[Opening Provided material section]

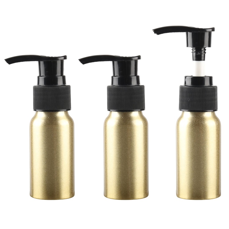 ZEOABSY 3 PiecesEmpty 30ml Gold Aluminium Lotion Pump Bottle Aluminum Bottles with Black Pump Head Travel Metal Bottles for CosmeticShampoo Body Washing Gel Essential Oil Liquid Dispenser
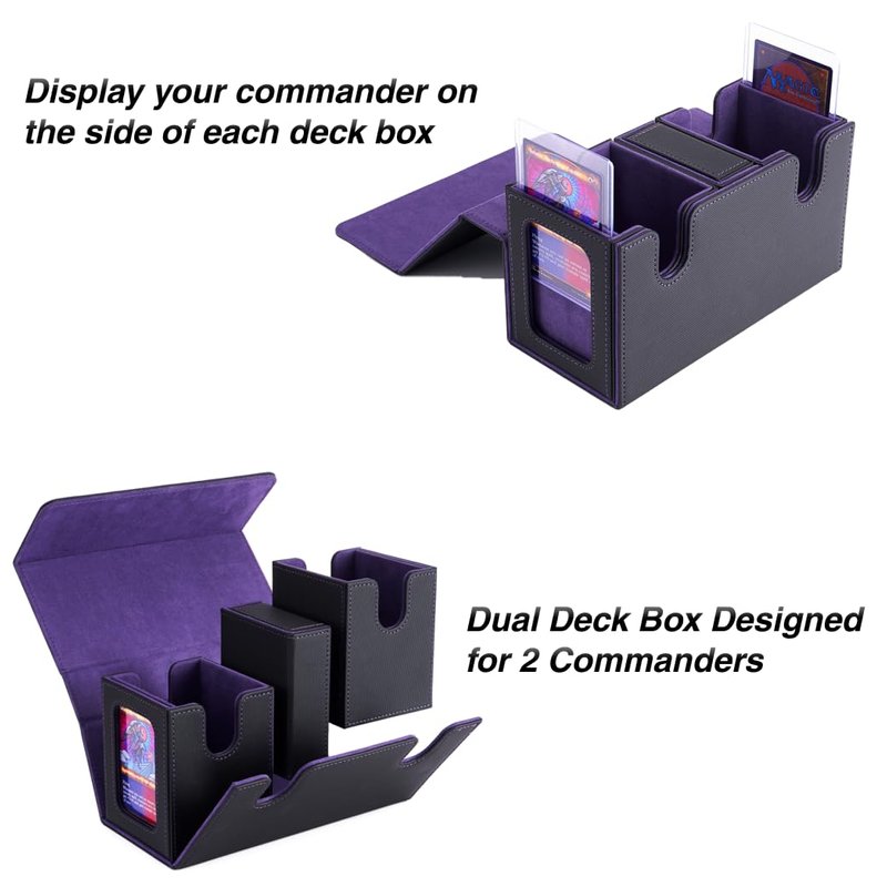 - 【Showcase Design】Our innovative deck case boasts a custom-made window design, specifically tailored for EDH Commander players, yet versatile enough for various card games. Each box features a dedicated window that securely displays two Commanders or Leader cards within the provided toploaders, facilitating easy identification and showcasing. This unique design allows you and a friend to quickly identify and select your respective decks, making it perfect for head-to-head gameplay.
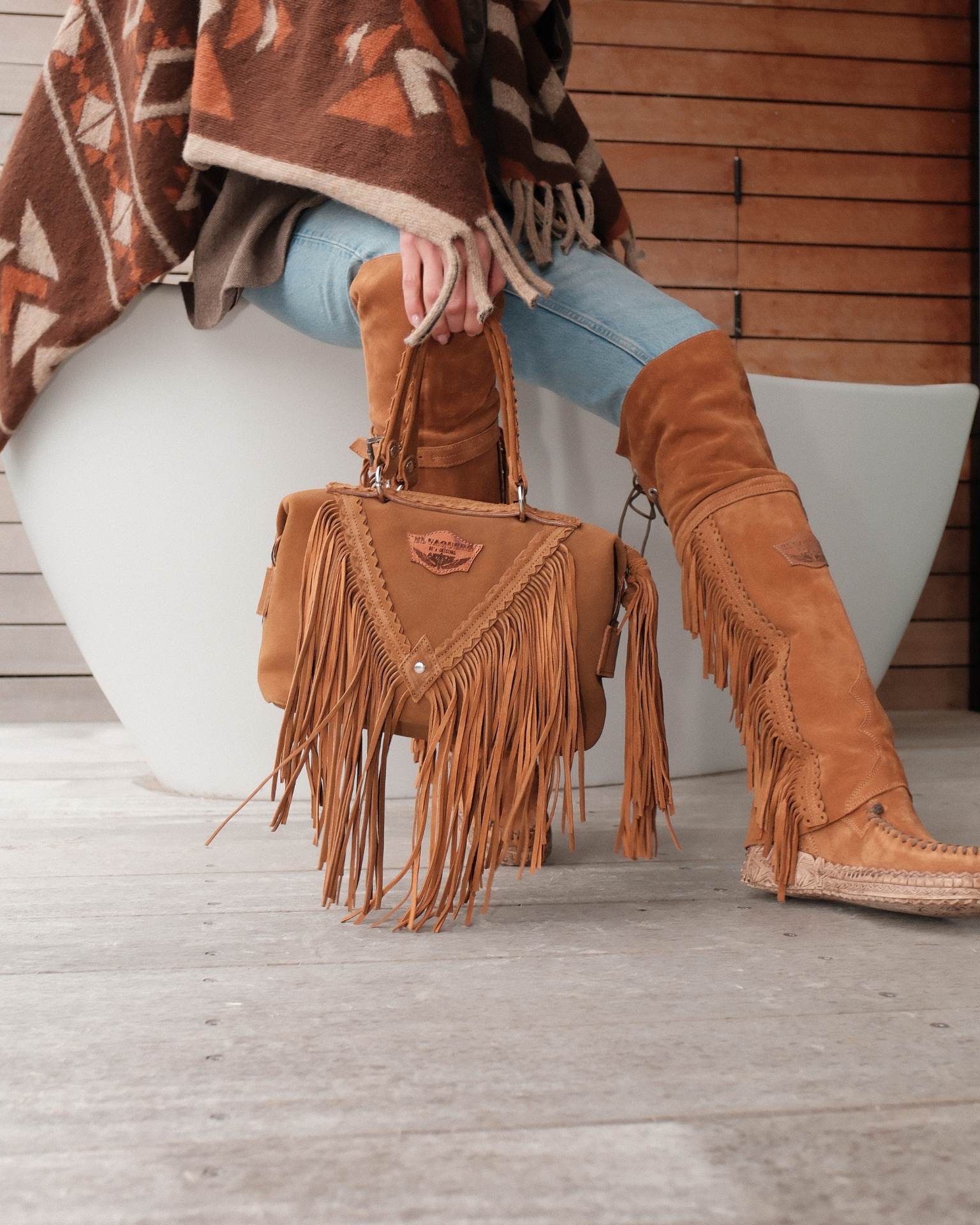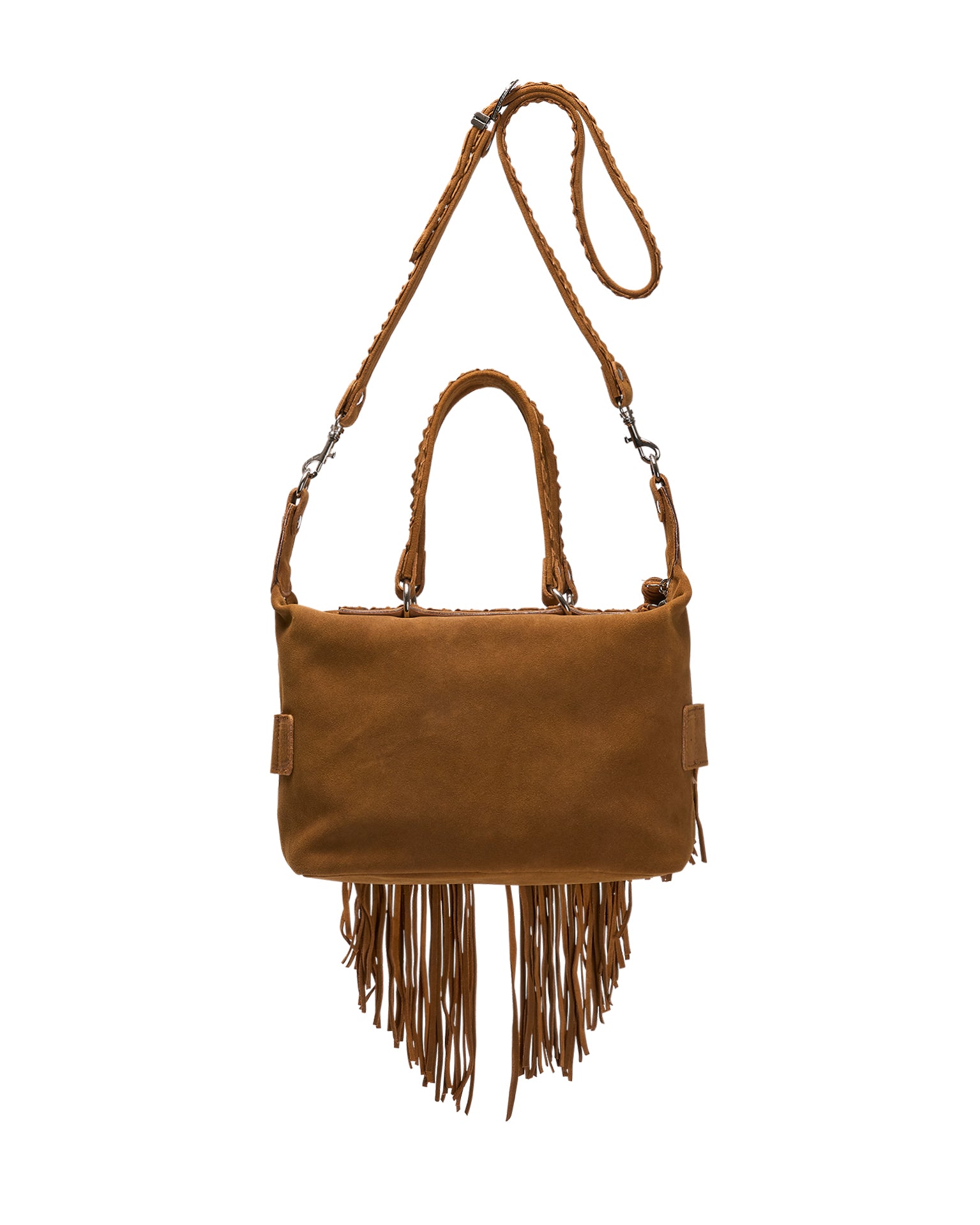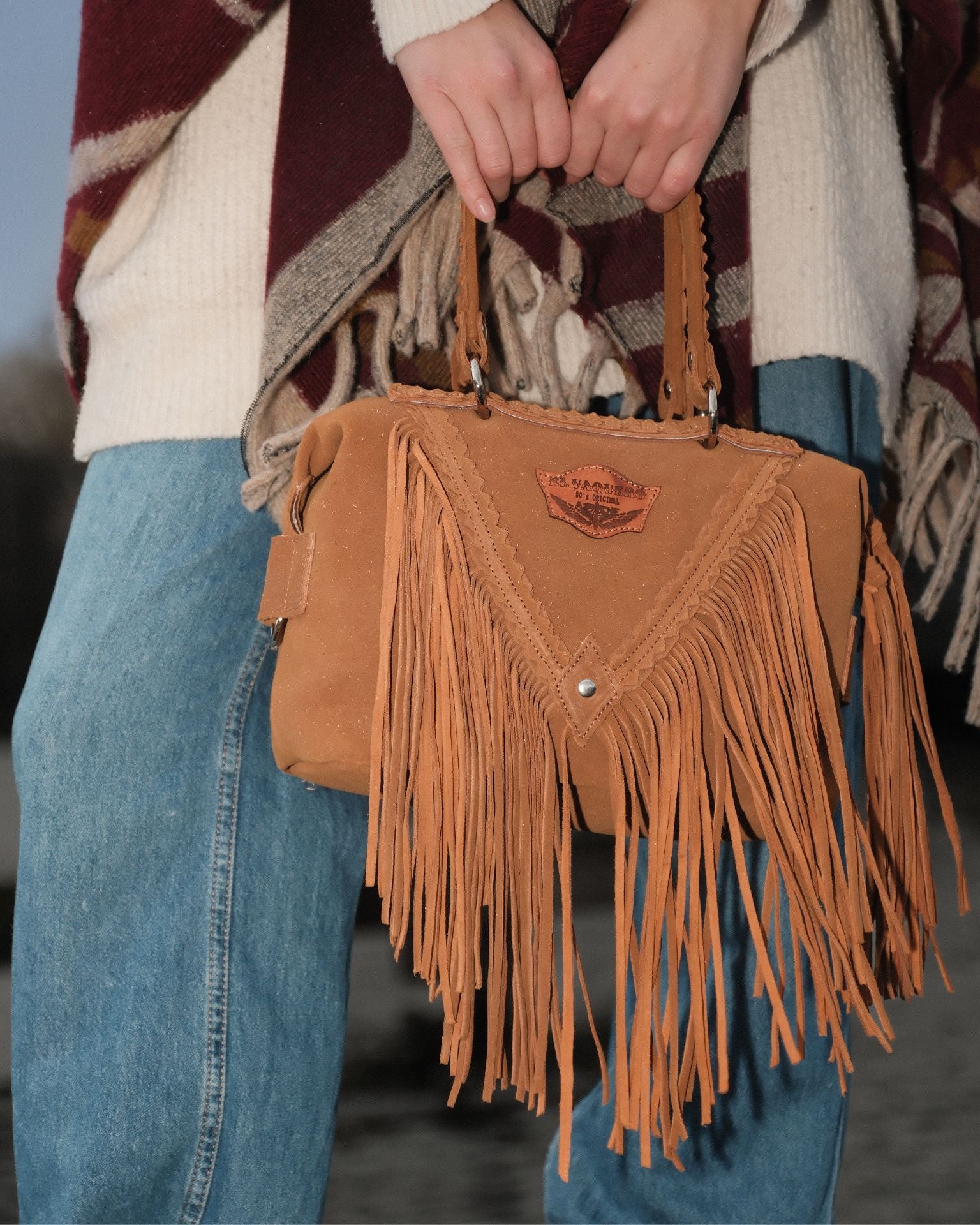 Byron è il nuovo bauletto El Vaquero, compatto ma sorprendentemente capiente, perfetto sia di giorno che di sera. Arricchito da lunghe frange, dettagli in pelle lavorata e inserti metallici, viene sottoposto al nostro esclusivo trattamento d’invecchiamento Silverstone, che dona alla pelle scamosciata affascinanti sfumature e variazioni cromatiche, rendendo ogni pezzo unico nel suo genere.

[Closing Provided material section]

**How to complete this task**
Output the listing exactly, without images.

**Response to the task**
 ZEOABSY 3 PiecesEmpty 30ml Gold Aluminium Lotion Pump Bottle Aluminum Bottles with Black Pump Head Travel Metal Bottles for CosmeticShampoo Body Washing Gel Essential Oil Liquid Dispenser
 - 【Showcase Design】Our innovative deck case boasts a custom-made window design, specifically tailored for EDH Commander players, yet versatile enough for various card games. Each box features a dedicated window that securely displays two Commanders or Leader cards within the provided toploaders, facilitating easy identification and showcasing. This unique design allows you and a friend to quickly identify and select your respective decks, making it perfect for head-to-head gameplay.
 Byron è il nuovo bauletto El Vaquero, compatto ma sorprendentemente capiente, perfetto sia di giorno che di sera. Arricchito da lunghe frange, dettagli in pelle lavorata e inserti metallici, viene sottoposto al nostro esclusivo trattamento d’invecchiamento Silverstone, che dona alla pelle scamosciata affascinanti sfumature e variazioni cromatiche, rendendo ogni pezzo unico nel suo genere.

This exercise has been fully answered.